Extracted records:

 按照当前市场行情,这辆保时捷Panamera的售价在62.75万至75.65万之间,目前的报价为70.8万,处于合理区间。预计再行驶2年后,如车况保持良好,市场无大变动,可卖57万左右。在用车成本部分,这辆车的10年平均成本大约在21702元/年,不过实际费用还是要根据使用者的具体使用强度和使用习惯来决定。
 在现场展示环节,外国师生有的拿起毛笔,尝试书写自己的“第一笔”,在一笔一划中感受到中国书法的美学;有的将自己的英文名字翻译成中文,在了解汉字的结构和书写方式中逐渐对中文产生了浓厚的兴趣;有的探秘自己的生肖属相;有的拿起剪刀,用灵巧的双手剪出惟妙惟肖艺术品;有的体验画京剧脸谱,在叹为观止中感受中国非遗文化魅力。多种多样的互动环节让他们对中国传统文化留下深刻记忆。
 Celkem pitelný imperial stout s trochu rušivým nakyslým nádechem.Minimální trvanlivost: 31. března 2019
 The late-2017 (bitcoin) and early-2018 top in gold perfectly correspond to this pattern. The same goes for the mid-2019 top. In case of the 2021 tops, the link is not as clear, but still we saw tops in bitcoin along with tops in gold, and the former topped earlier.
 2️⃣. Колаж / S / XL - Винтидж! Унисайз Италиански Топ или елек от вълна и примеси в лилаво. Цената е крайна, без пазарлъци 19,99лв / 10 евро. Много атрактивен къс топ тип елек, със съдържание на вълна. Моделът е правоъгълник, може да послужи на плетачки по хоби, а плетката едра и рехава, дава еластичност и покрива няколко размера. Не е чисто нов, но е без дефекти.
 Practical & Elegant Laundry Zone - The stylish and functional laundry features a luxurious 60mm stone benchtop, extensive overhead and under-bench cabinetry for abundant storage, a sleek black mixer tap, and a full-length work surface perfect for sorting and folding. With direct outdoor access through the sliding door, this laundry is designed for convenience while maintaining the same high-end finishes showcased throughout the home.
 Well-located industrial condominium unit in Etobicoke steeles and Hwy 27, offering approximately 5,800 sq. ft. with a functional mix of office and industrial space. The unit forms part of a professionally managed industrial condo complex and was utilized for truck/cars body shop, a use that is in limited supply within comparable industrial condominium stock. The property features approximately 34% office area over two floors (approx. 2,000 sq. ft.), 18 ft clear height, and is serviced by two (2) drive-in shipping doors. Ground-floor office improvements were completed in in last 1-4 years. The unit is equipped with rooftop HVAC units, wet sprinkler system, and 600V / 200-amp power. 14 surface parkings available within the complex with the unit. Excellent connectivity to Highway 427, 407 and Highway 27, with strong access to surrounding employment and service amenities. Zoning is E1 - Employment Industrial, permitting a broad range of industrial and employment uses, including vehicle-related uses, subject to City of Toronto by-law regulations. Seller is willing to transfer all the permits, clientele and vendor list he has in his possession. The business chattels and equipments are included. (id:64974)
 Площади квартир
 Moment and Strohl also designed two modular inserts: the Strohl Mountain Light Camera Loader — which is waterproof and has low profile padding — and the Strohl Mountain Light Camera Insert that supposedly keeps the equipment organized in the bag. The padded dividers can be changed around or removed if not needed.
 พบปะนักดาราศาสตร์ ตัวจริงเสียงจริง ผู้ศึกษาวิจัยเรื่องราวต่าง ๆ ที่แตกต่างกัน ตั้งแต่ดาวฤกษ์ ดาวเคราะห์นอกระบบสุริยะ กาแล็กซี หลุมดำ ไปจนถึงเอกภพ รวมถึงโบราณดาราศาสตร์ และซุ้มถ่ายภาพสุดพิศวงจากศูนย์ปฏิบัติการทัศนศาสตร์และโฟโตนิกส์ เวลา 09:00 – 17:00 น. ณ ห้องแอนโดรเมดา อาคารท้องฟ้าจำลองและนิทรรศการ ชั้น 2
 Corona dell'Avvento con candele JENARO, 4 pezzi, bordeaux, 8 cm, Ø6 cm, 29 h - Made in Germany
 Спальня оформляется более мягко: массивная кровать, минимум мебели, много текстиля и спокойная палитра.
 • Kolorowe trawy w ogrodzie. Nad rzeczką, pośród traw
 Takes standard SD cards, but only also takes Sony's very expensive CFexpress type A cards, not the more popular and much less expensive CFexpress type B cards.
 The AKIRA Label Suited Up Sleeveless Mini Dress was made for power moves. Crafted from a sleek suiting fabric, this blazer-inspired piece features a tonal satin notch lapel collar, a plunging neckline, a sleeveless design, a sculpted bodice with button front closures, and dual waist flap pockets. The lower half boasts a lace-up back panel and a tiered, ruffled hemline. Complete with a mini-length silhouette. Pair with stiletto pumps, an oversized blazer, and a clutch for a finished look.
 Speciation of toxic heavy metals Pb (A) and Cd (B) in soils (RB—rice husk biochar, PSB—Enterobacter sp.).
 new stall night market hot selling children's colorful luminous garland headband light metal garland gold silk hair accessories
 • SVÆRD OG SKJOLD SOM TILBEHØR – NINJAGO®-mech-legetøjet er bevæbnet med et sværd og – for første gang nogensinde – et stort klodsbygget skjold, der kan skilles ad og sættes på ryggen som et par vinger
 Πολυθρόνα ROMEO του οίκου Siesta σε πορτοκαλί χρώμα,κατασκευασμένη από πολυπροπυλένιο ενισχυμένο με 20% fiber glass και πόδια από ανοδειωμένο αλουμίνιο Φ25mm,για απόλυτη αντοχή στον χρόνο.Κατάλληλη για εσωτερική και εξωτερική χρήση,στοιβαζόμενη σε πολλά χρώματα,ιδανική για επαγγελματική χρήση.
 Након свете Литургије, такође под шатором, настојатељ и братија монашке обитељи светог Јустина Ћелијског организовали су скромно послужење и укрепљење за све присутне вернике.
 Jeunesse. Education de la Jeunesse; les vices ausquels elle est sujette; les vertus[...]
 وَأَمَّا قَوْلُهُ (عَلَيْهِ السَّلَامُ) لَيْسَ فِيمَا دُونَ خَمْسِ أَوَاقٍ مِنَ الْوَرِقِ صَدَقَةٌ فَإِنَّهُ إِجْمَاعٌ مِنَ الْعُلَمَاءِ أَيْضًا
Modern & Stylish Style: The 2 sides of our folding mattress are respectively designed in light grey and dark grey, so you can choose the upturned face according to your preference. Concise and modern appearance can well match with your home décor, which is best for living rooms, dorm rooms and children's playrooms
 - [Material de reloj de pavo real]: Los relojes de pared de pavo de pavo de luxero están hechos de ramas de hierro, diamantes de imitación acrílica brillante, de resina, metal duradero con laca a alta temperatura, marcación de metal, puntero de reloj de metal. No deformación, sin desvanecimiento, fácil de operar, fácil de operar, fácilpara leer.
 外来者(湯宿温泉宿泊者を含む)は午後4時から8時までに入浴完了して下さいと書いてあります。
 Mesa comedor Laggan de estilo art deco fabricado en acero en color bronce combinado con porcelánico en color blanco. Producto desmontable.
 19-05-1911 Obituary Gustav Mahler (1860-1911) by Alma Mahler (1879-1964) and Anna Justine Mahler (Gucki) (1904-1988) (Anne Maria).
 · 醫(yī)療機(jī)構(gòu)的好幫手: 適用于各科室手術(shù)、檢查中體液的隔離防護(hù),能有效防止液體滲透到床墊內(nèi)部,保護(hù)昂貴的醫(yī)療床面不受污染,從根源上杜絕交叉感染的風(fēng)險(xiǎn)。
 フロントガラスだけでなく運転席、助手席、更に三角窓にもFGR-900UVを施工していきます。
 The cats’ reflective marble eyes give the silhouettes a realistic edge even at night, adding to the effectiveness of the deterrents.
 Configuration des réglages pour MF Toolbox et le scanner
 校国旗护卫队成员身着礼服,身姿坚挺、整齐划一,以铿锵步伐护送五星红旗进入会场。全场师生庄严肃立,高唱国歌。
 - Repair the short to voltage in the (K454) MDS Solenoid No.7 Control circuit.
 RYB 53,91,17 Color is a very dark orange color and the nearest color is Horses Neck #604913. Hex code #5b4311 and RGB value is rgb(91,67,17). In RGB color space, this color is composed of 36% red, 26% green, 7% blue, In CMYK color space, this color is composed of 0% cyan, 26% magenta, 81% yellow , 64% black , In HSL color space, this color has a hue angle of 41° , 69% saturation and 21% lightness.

What to work on: Lines from the one that contains "フロントガラスだけでなく運転" through the final line of the entries must be duplicated exactly, and no other lines.

Answer space:
 フロントガラスだけでなく運転席、助手席、更に三角窓にもFGR-900UVを施工していきます。
 The cats’ reflective marble eyes give the silhouettes a realistic edge even at night, adding to the effectiveness of the deterrents.
 Configuration des réglages pour MF Toolbox et le scanner
 校国旗护卫队成员身着礼服,身姿坚挺、整齐划一,以铿锵步伐护送五星红旗进入会场。全场师生庄严肃立,高唱国歌。
 - Repair the short to voltage in the (K454) MDS Solenoid No.7 Control circuit.
 RYB 53,91,17 Color is a very dark orange color and the nearest color is Horses Neck #604913. Hex code #5b4311 and RGB value is rgb(91,67,17). In RGB color space, this color is composed of 36% red, 26% green, 7% blue, In CMYK color space, this color is composed of 0% cyan, 26% magenta, 81% yellow , 64% black , In HSL color space, this color has a hue angle of 41° , 69% saturation and 21% lightness.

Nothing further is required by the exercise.